= George Sandford (colonial administrator) =

British colonial administrator

Sir George Ritchie Sandford, KBE, CMG (9 November 1892 – 17 September 1950) was a British colonial administrator, serving most of his 35-year career in East Africa. He was Governor of the Bahamas from 17 February 1950 until he died in office on 17 September 1950.

==Early life and education==

Sandford was born on 9 November 1892 at Roselands, Ambleside, Westmorland, England. He attended Christ's Hospital school and Queens' College, Cambridge.

== Career ==
He joined the colonial service in 1915, first serving in the East Africa Protectorate (now Kenya) as Assistant District Commissioner. He resigned from his position to take on a short-lived role as editor at a local newspaper. Sandford went on to study law and was admitted to the Bar of England and Wales at the Inner Temple.

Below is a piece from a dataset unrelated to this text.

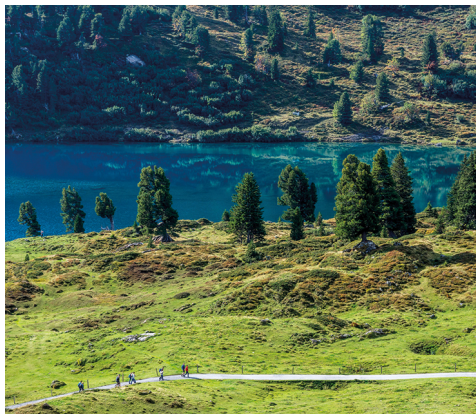
Der Engstlensee ganz in Türkis.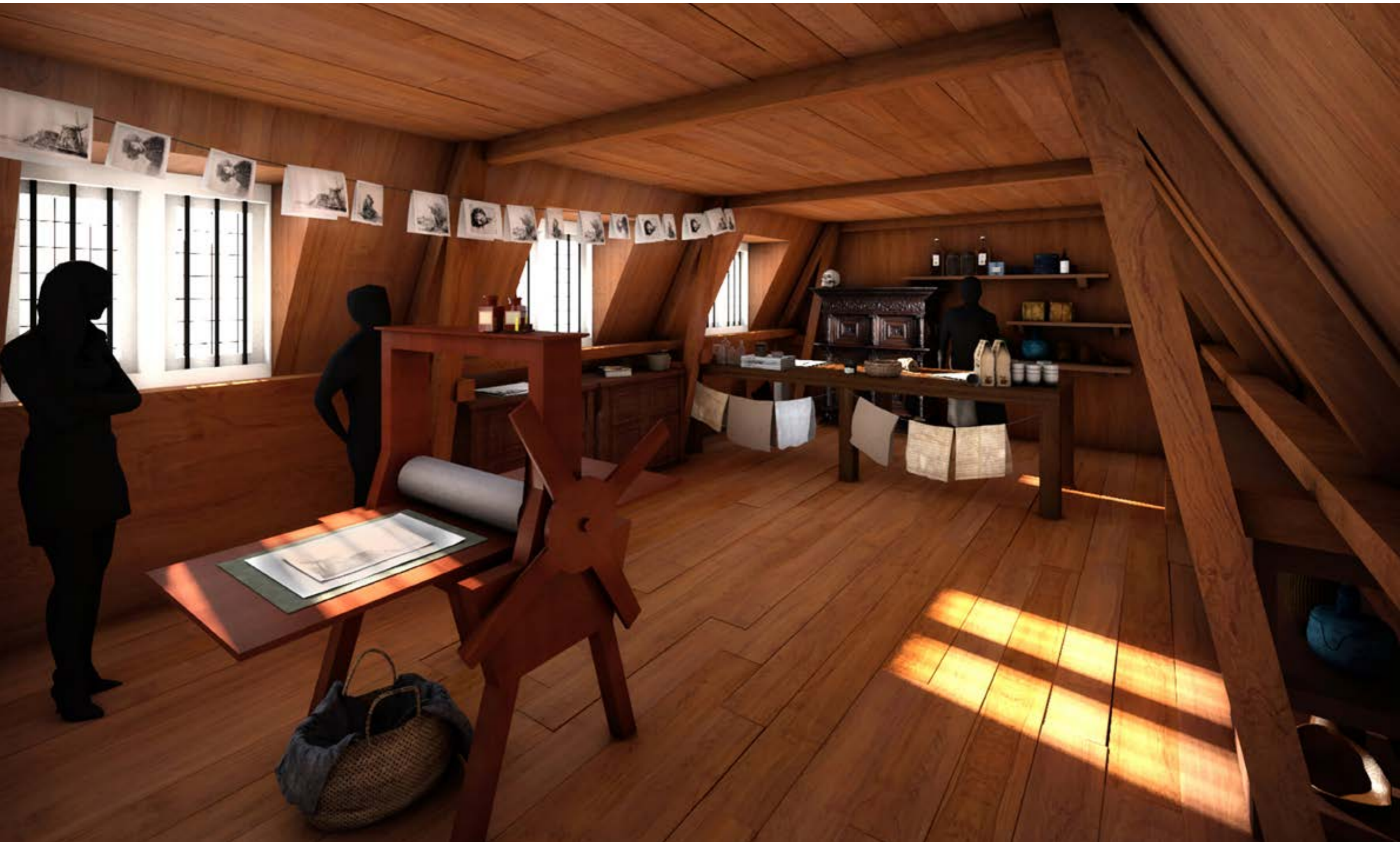
DE NIEUWE ETSZOLDER, ONDERDEEL VAN HET MEESTERPLAN. RENDERING: LIES WILLERS

He rejoined the Colonial Service, assuming the role of clerk to the Legislative Council of Kenya in 1926 and becoming Deputy Treasurer in 1931.

In 1936, Sandford was posted to Tanganyika, where he assumed the role of Treasurer. He was appointed Financial Secretary in Tanganyika in 1937 and Financial Secretary in Palestine from 1940 to 1944.

Sandford returned to Tanganyika in 1944 as Chief Secretary and became the Administrator for the East African Commission in 1948.

Knighted in 1947, Sandford was appointed Governor of the Bahamas in February 1950, however, he died unexpectedly after only seven months in office.

== Death ==
Sandford died on 17 September 1950, aged 57 after complaining of indigestion. His funeral was held that same day at Christ Church Cathedral, Nassau and he was interred at St Matthew's Anglican Church Cemetery.

Sandford was survived by his wife Lady Sandford, and his brother, Brigadier Francis Rossall Sandford. He was succeeded in office by Major General Robert Arthur Ross Neville.